▶ **TO DO**
Retype every line from the top of the entries down to the one with "鹿 和公さんの外格は15画の4点!", both included, and skip the pictures.

(Records excerpted from a collection)
*** Begin section ***

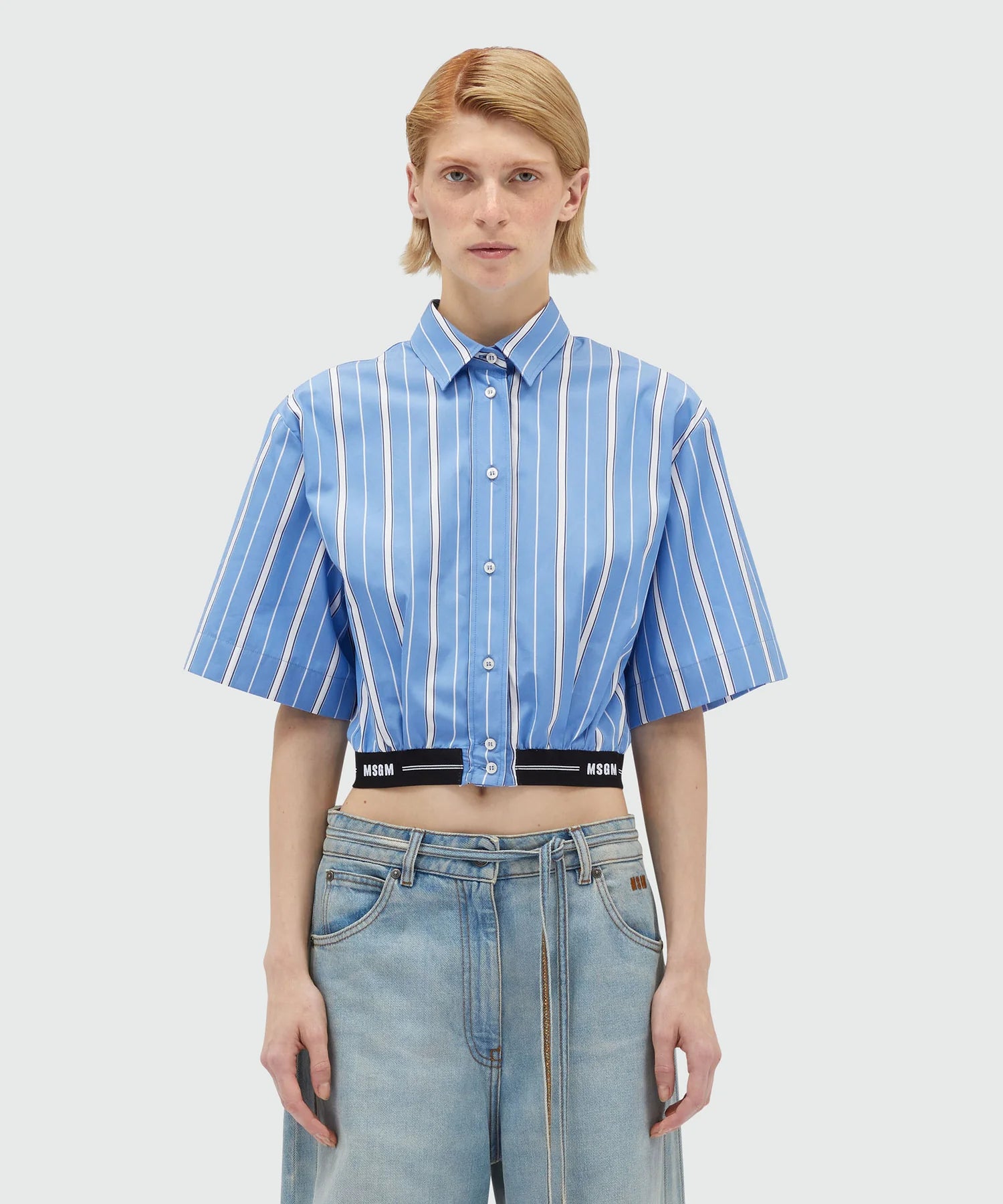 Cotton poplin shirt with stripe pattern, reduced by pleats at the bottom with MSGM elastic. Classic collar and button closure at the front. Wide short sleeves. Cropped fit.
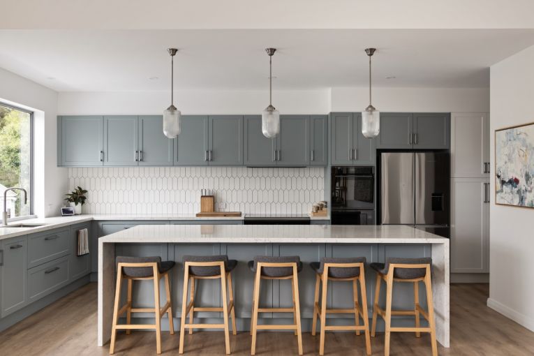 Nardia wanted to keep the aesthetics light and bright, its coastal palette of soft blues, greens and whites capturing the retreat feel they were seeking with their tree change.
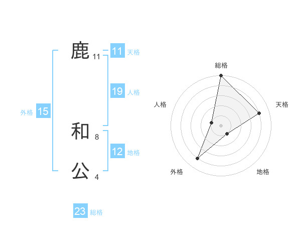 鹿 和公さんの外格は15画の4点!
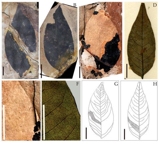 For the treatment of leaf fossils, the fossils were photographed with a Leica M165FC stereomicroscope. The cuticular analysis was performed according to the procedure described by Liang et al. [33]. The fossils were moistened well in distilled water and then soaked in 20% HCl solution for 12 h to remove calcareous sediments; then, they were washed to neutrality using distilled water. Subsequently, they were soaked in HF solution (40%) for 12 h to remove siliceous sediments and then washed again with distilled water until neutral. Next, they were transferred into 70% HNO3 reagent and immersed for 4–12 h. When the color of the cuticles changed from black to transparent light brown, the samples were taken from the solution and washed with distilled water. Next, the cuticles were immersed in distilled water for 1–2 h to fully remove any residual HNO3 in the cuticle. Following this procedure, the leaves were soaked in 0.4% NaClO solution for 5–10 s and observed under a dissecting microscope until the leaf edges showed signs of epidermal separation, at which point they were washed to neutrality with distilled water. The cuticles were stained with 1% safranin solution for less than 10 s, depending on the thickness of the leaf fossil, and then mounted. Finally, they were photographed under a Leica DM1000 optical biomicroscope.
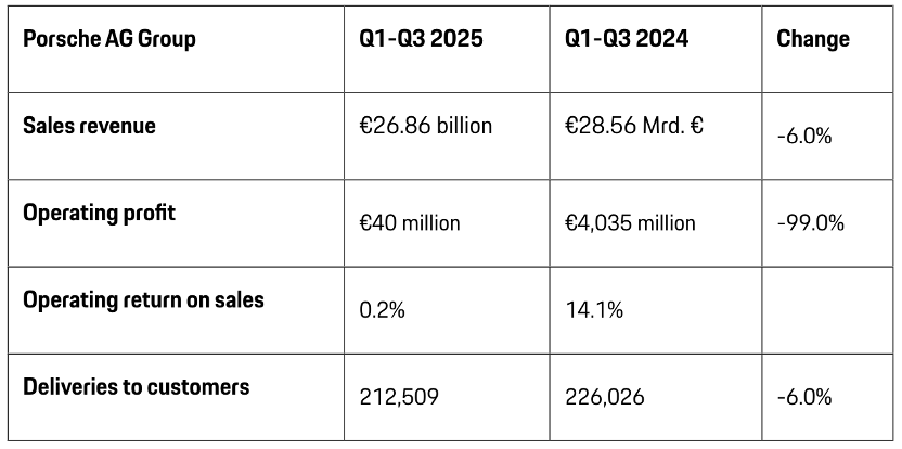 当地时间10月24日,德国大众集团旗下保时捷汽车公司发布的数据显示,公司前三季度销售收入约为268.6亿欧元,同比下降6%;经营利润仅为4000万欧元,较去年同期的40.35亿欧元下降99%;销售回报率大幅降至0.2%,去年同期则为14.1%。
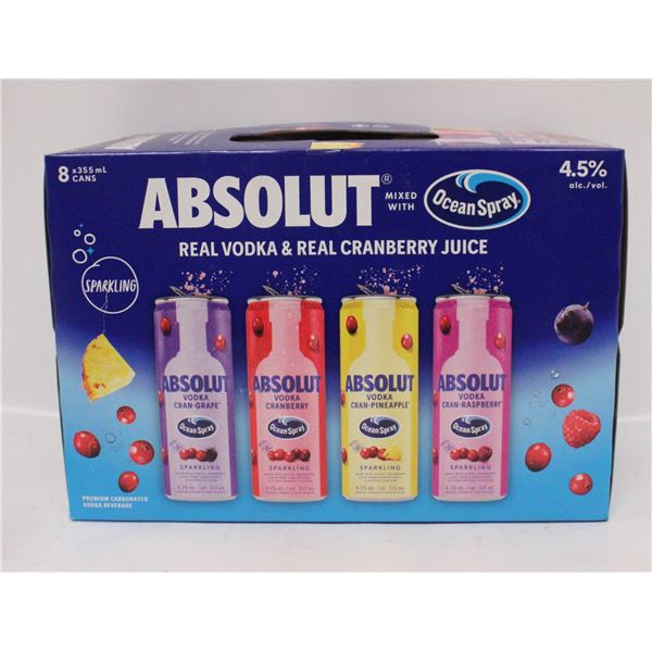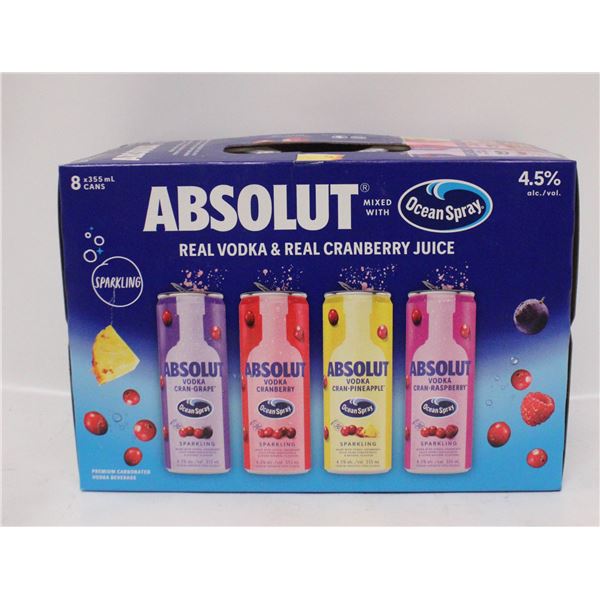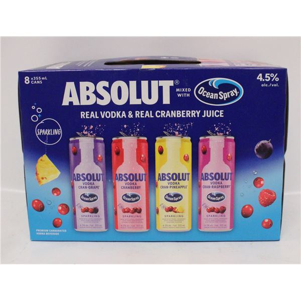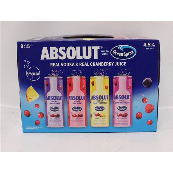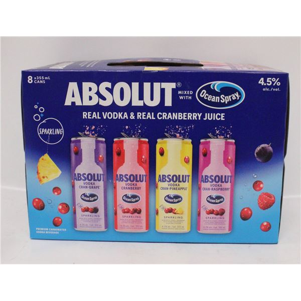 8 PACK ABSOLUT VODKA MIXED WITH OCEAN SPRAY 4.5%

*** End section ***

▶ **WRITTEN RESPONSE**
 Cotton poplin shirt with stripe pattern, reduced by pleats at the bottom with MSGM elastic. Classic collar and button closure at the front. Wide short sleeves. Cropped fit.
 Nardia wanted to keep the aesthetics light and bright, its coastal palette of soft blues, greens and whites capturing the retreat feel they were seeking with their tree change.
 鹿 和公さんの外格は15画の4点!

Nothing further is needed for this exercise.